I'm considering of this situation: disable at t2 and re-enable at t3

state1(t1) --> state2(t2) --> state3(t3)

If aggregator has get_recent_times() in [t1, t2], groupc->times_prev[aggregator]
will include that delta of (t - t1).

Then re-enable at t3, the delta of (t3-t1) is discarded, may make that aggregator
see times < groupc->times_prev[aggregator] ?

Maybe I missed something, not sure whether this is a problem.


> 
>> @@ -1088,6 +1097,23 @@ void cgroup_move_task(struct task_struct *task, struct css_set *to)
>>  
>>  	task_rq_unlock(rq, task, &rf);
>>  }
>> +
>> +void psi_cgroup_enable(struct psi_group *group, bool enable)
>> +{
>> +	struct psi_group_cpu *groupc;
>> +	int cpu;
>> +	u64 now;
>> +
>> +	if (group->enabled == enable)
>> +		return;
>> +	group->enabled = enable;
>> +
>> +	for_each_possible_cpu(cpu) {
>> +		groupc = per_cpu_ptr(group->pcpu, cpu);
>> +		now = cpu_clock(cpu);
>> +		psi_group_change(group, cpu, 0, 0, now, true);
> 
> This loop deserves a comment, IMO.

I add some comments as below, could you help take a look?

+
+void psi_cgroup_enable(struct psi_group *group, bool enable)
+{
+       int cpu;
+       u64 now;
+
+       if (group->enabled == enable)
+               return;
+       group->enabled = enable;
+
+       /*
+        * We use psi_group_change() to disable or re-enable the
+        * record_times(), test_state() loop and averaging worker
+        * in each psi_group_cpu of the psi_group, use .clear = 0
+        * and .set = 0 here since no task status really changed.
+        */
+       for_each_possible_cpu(cpu) {
+               now = cpu_clock(cpu);
+               psi_group_change(group, cpu, 0, 0, now, true);
+       }
+}

Thanks!

Re: [PATCH v2 09/10] sched/psi: per-cgroup PSI stats disable/re-enable interface

Posted by Tejun Heo 3 years, 7 months ago

Hello,

On Mon, Aug 15, 2022 at 11:49:55AM -0400, Johannes Weiner wrote:
> I think it should also add/remove the pressure files when enabling and
> disabling the aggregation, since their contents would be stale and
> misleading.
> 
> Take a look at cgroup_add_dfl_cftypes() and cgroup_rm_cftypes()
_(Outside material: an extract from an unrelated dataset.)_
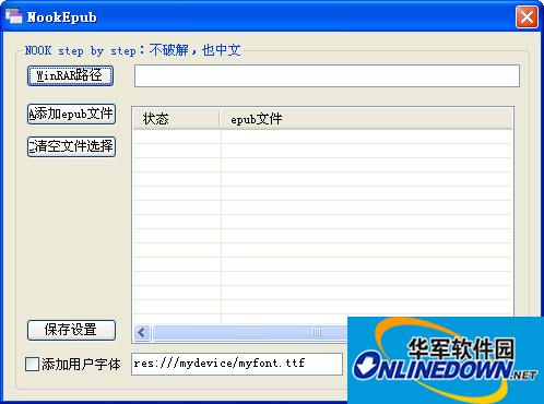 nook中文epub优化(NookEpub)可批量处理中文epub。处理后的文件优先使用t卡fonts目录下的zw.ttf字体库,如果该字库不存在则使用系统随机内建的DroidSansFallback.ttf以确保中文的显示。也就是说,如果对系统随机内建的中文字体不满意,只要把自己喜欢的字体库拷入t卡的fonts目录并重命名为zw.ttf即可。另外同时也添加了其它阅读器的字体路径(sony,iRex DR800SG,kindle2 Duokan,翰林V3+),理论上处理过后的epub在这些阅读器上也可以显示中文。0.1.6起增加了"添加用户字体“功能。以后如果出了新的阅读器,也可以用这个功能添加新阅读器的中文字体路径,从而处理出可以在该阅读器上显示中文的epub书 。
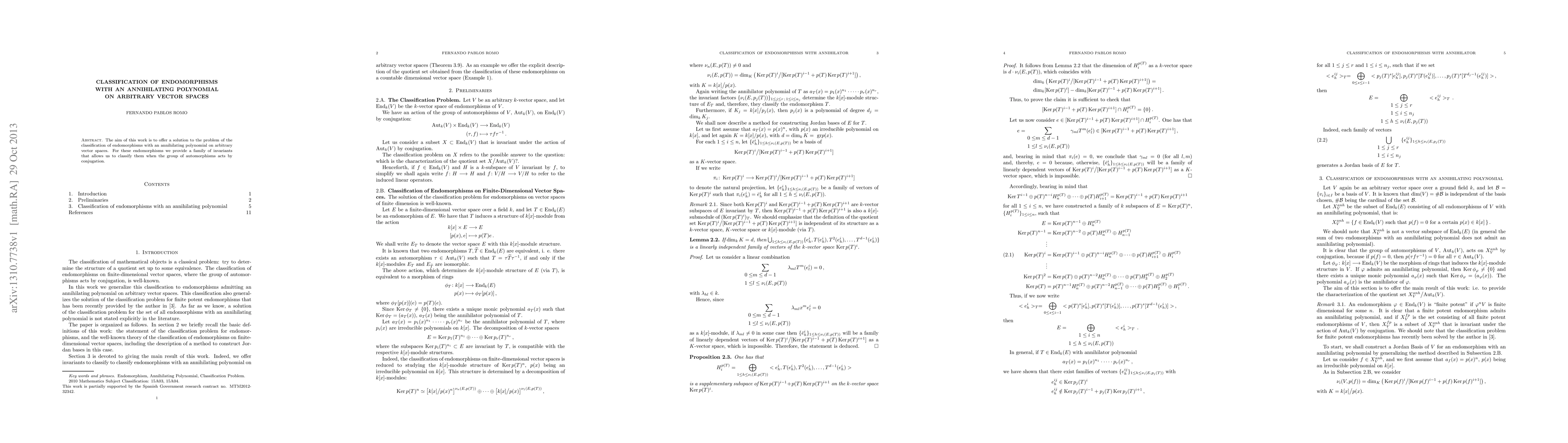 This paper classifies endomorphisms of arbitrary vector spaces that possess an annihilating polynomial, providing a set of invariants for their classification under the group of automorphisms acting by conjugation.

The problem with adding cftypes dynamically is that it can fail, which isn't
the end of the world here but still kinda sucks. I think what we actually
wanna do is hiding and unhiding while keeping all the data structures in
place which is needed somewhere else anyway.

Thanks.

-- 
tejun

Re: [PATCH v2 09/10] sched/psi: per-cgroup PSI stats disable/re-enable interface

Posted by Michal Koutný 3 years, 8 months ago

Hello Chengming.

On Mon, Aug 08, 2022 at 07:03:40PM +0800, Chengming Zhou <zhouchengming@bytedance.com> wrote:
> diff --git a/Documentation/admin-guide/cgroup-v2.rst b/Documentation/admin-guide/cgroup-v2.rst
> index dd84e34bc051..ade40506ab80 100644
> --- a/Documentation/admin-guide/cgroup-v2.rst
> +++ b/Documentation/admin-guide/cgroup-v2.rst
> @@ -968,6 +968,13 @@ All cgroup core files are prefixed with "cgroup."
>  	killing cgroups is a process directed operation, i.e. it affects
>  	the whole thread-group.
>  
> +  cgroup.psi
> +	A read-write single value file that allowed values are "0" and "1".
> +	The default is "1".
> +
> +	Writing "0" to the file will disable the cgroup PSI stats accounting.
> +	Writing "1" to the file will re-enable the cgroup PSI stats accounting.
> +

I'd suggest explaining here explicitely, this control attribute is not
hierarchical (i.e. PSI accounting in a cgroup does not affect accounting
in descendants and doesn't need pass enablement via ancestors from
root). And the purpose that it "saves" cycles (where).

Regards,
Michal

Re: [PATCH v2 09/10] sched/psi: per-cgroup PSI stats disable/re-enable interface

Posted by Chengming Zhou 3 years, 8 months ago

On 2022/8/12 18:14, Michal Koutný wrote:
> Hello Chengming.
> 
> On Mon, Aug 08, 2022 at 07:03:40PM +0800, Chengming Zhou <zhouchengming@bytedance.com> wrote:
>> diff --git a/Documentation/admin-guide/cgroup-v2.rst b/Documentation/admin-guide/cgroup-v2.rst
>> index dd84e34bc051..ade40506ab80 100644
>> --- a/Documentation/admin-guide/cgroup-v2.rst
>> +++ b/Documentation/admin-guide/cgroup-v2.rst
>> @@ -968,6 +968,13 @@ All cgroup core files are prefixed with "cgroup."
>>  	killing cgroups is a process directed operation, i.e. it affects
>>  	the whole thread-group.
>>  
>> +  cgroup.psi
>> +	A read-write single value file that allowed values are "0" and "1".
>> +	The default is "1".
>> +
>> +	Writing "0" to the file will disable the cgroup PSI stats accounting.
>> +	Writing "1" to the file will re-enable the cgroup PSI stats accounting.
>> +
> 
> I'd suggest explaining here explicitely, this control attribute is not
> hierarchical (i.e. PSI accounting in a cgroup does not affect accounting
> in descendants and doesn't need pass enablement via ancestors from
> root). And the purpose that it "saves" cycles (where).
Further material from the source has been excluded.